This means AMX/SME benchmarks that interleave with non-AMX/SME work will show misleading throughput numbers as the CPU oscillates between frequency states.

Mitigations:

  • Use --benchmark_min_time=10s or higher to amortize warm-up over a longer measurement window.
  • Disable turbo boost with echo 1 > /sys/devices/system/cpu/intel_pstate/no_turbo on Linux.
  • Run AMX/SME benchmarks in isolation — do not mix them with non-AMX/SME benchmarks in the same invocation.
  • Filter with --benchmark_filter=amx or --benchmark_filter=sme for dedicated runs.

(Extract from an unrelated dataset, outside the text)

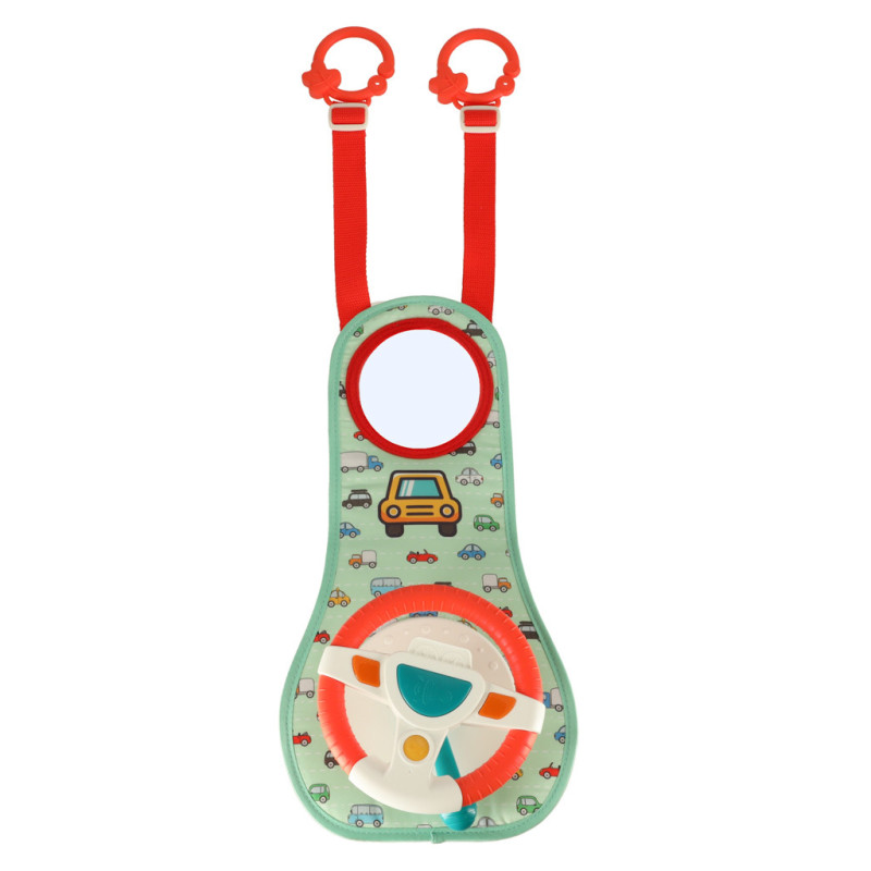 Hračku pripevníte k opierkam hlavy predného sedadla pomocou plastových koliesok na nastaviteľných popruhoch.
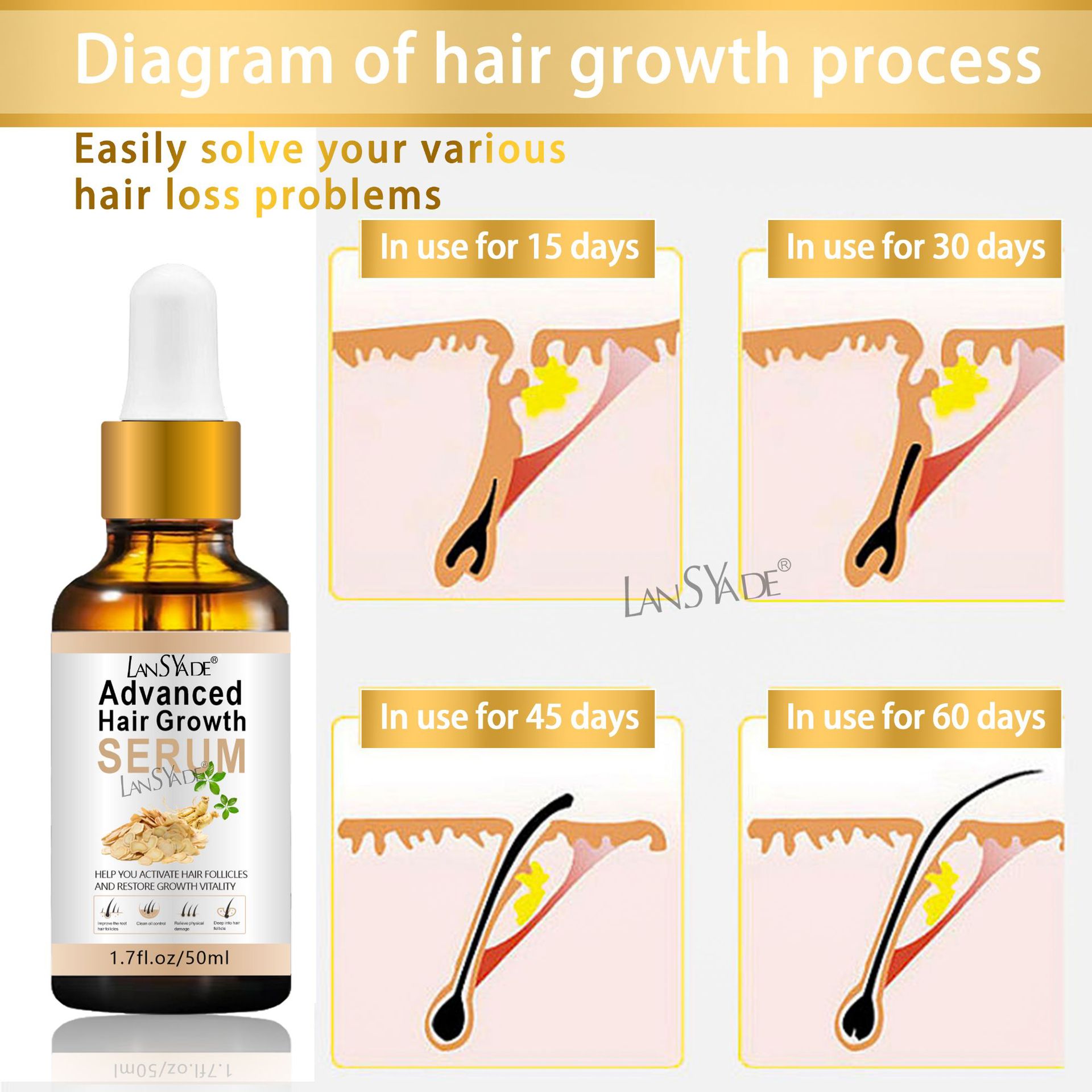 Product Name: 50ml Ginseng Hair Care Oil Brand: LANSYADE

Pinning to Performance Cores

Linux

taskset -c 0-3 ./build_release/nk_bench
numactl --physcpubind=0-3 ./build_release/nk_bench

For dedicated benchmarking machines, add isolcpus=4-7 to the kernel command line and pin benchmarks to isolated cores.

macOS

No direct core-pinning API exists on macOS. Use QoS to avoid efficiency cores:

taskpolicy -b ./build_release/nk_bench

On Apple Silicon there is no public API for P/E core pinning. Run with minimal background load for reproducible results.

Windows

start /affinity 0xF nk_bench.exe

The hex mask 0xF pins to cores 0-3.